La vie à la Villa Médicis est devenue une sorte d'anomalie.
Je l'ai connue du temps de M. Hébert, déjà somnolent; mais M. Hébert, quoique fort âgé, continuait une tradition qui lui venait de M. Ingres.
Plusieurs hommes, aujourd'hui disparus, surtout Gounod dont les récits étaient si vifs et imagés, savaient sur M. Ingres à Rome, des anecdotes qui ont réjoui notre enfance. Le vieux peintre reste pour nous une figure bourgeoise, tenant du maître d'école, de Joseph Prudhomme et du notaire de province; non sans ridicules, solennel, l'air toujours furieux, nous l'imaginons haut cravaté dans sa redingote à la grosse rosette rouge, se courbant bien bas pour saluer la comtesse d'Haussonville ou Mme la duchesse de Broglie, mais sujet à emportements et aux caprices, susceptible et pincé comme il le fut avec M. le duc de Luynes; comique dans l'expression de ses idées, entier, buté, partial et injuste… et, avec tout cela, sublime, touchant, admirable. M. Ingres a dit plus de paroles importantes dans leur solennité pontifiante et bourgeoise, que le romantique Delacroix, avec tout son génie et sa culture.

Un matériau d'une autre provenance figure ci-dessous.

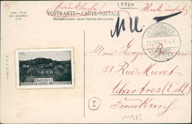 Alte Ansichtskarte aus Bünde, gelaufen am 21.10.1907 von Petershagen (Weser) nach Chartres.
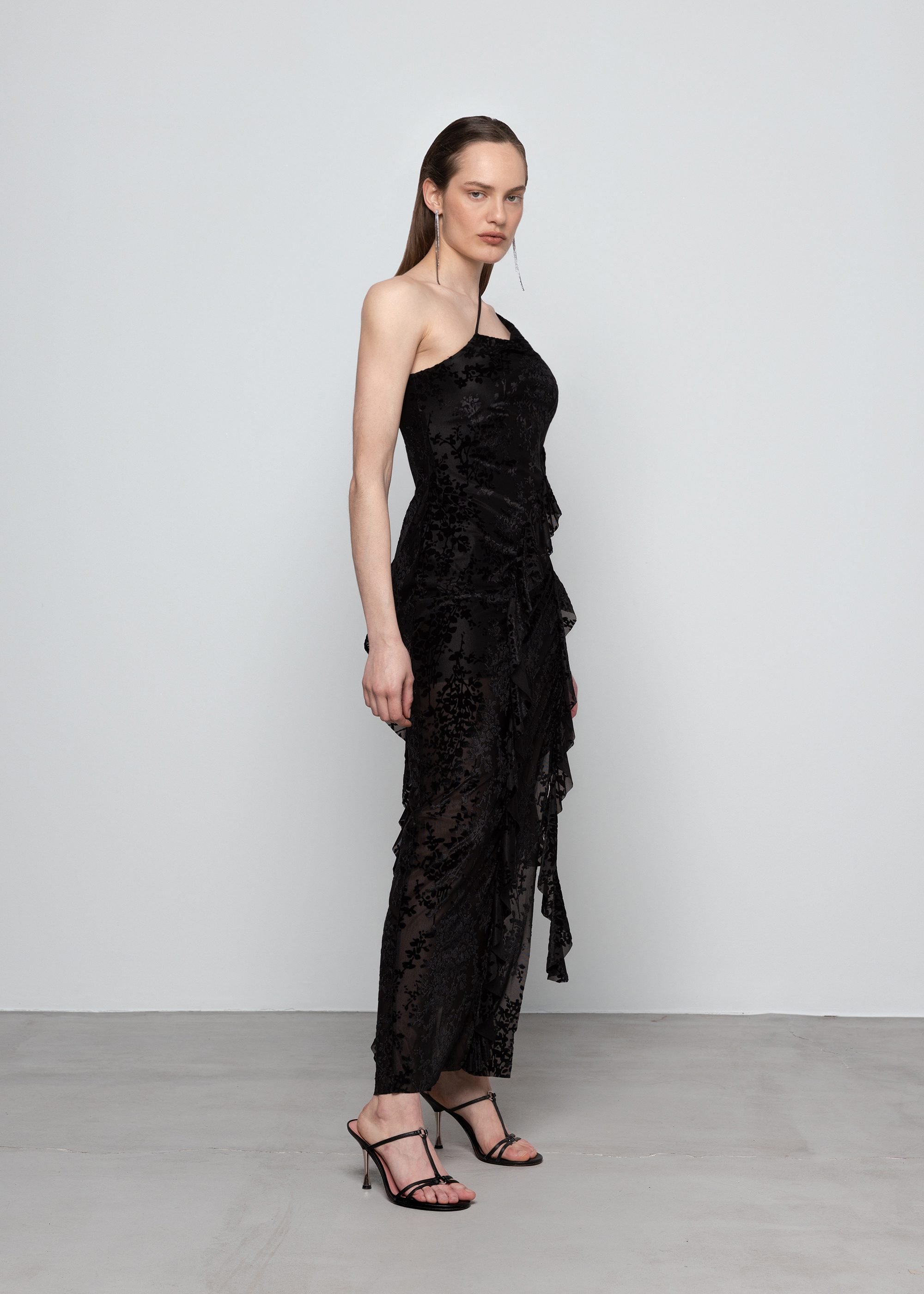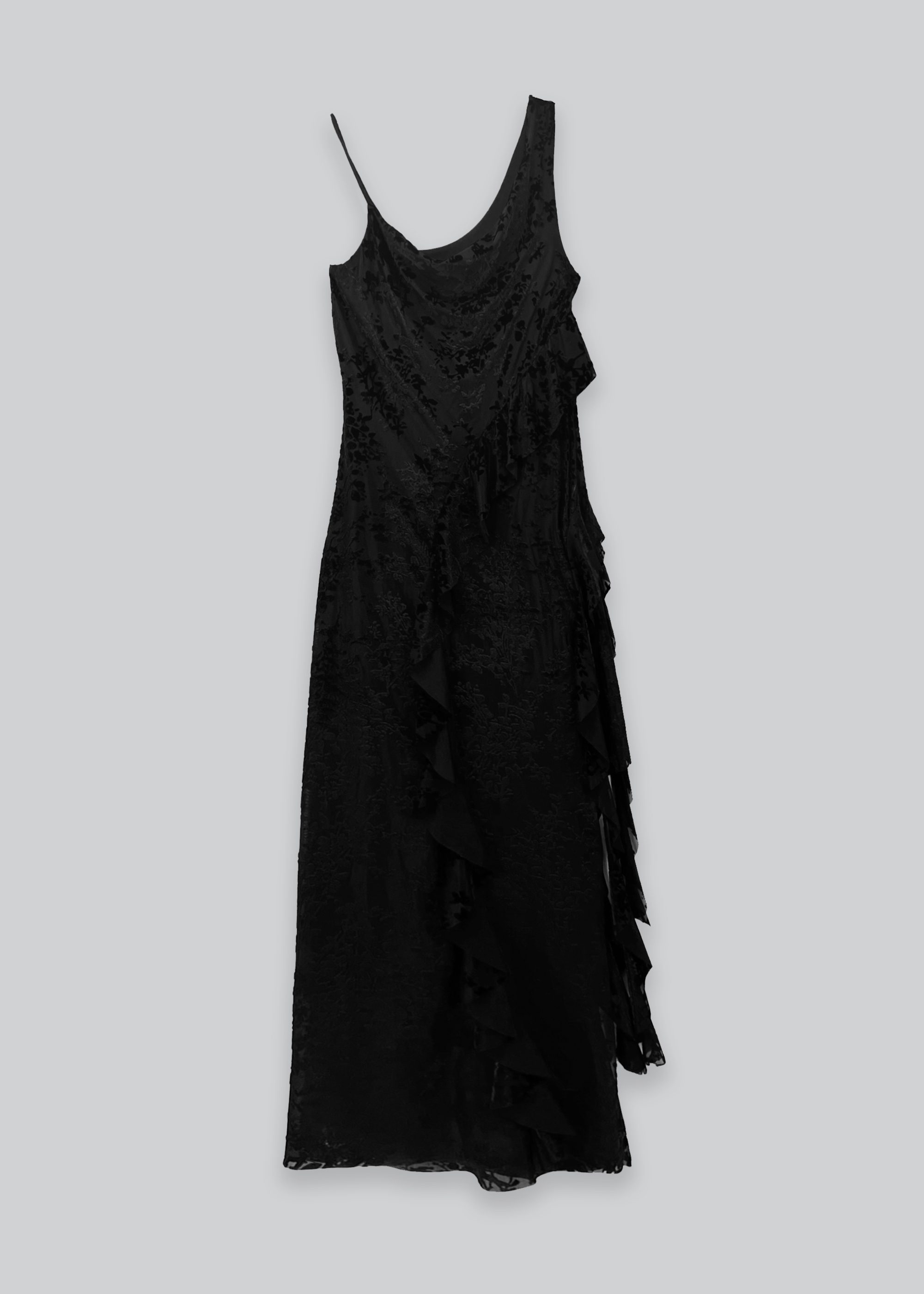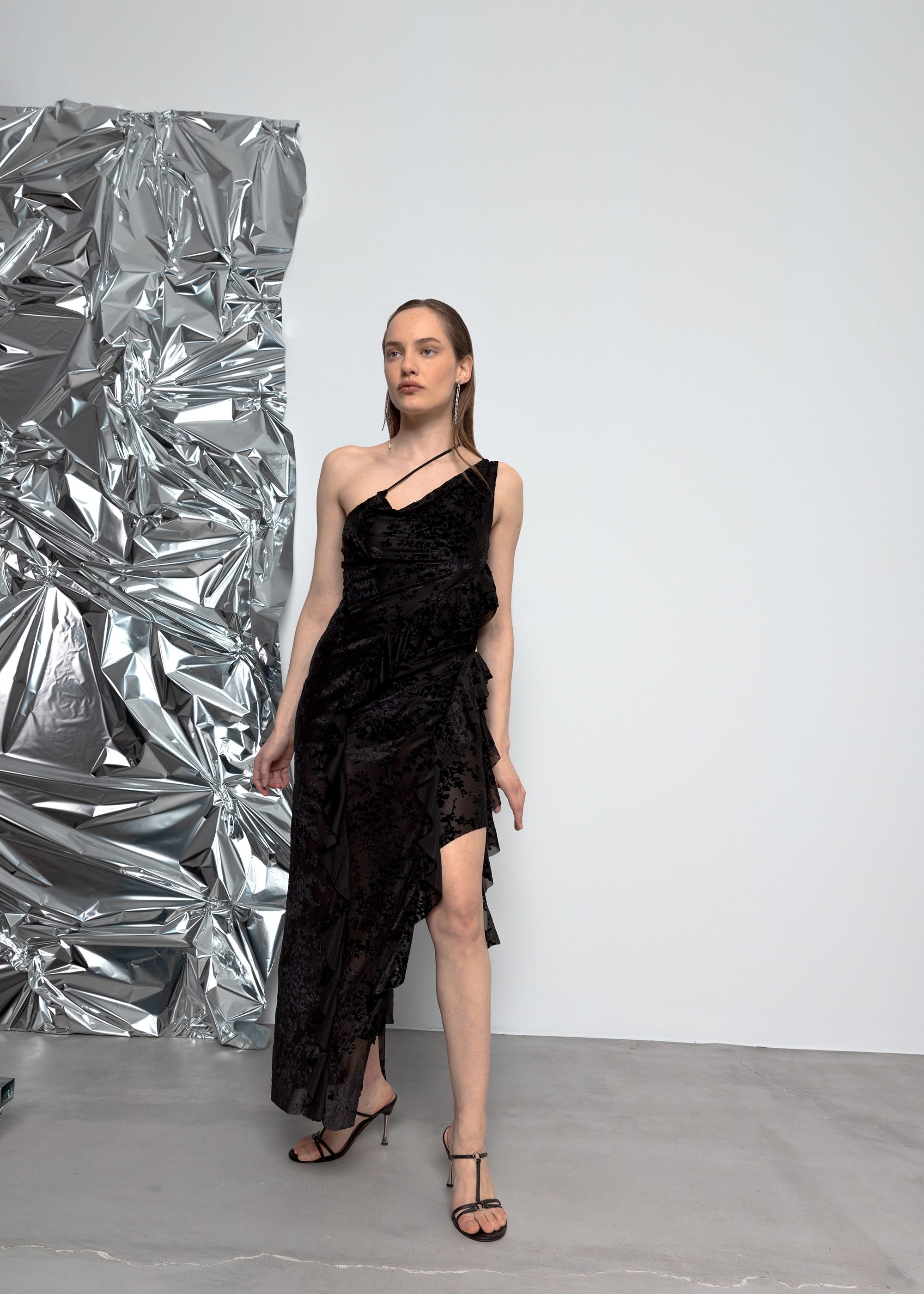 A burnout velvet dress with an asymmetric cut and soft texture. A relaxed yet refined style that works well for evening outings.

Du petit volume d'Amaury Duval et des autres souvenirs qui furent recueillis par des élèves ou amis du maître, il se dégage plus de sens que de tout le journal d'Eugène Delacroix.
M. Ingres est un prodige.
On donnerait beaucoup pour avoir été gourmandé par lui, avoir nettoyé sa palette ou subi ses exercices sur le violon que M. Jan Kubelik vient de faire vibrer à nouveau dans les galeries de Georges Petit—non que cet hommage naïf ne prête un peu à rire, comme d'ailleurs tout ce qui se rapporte au singulier et vénérable bonhomme.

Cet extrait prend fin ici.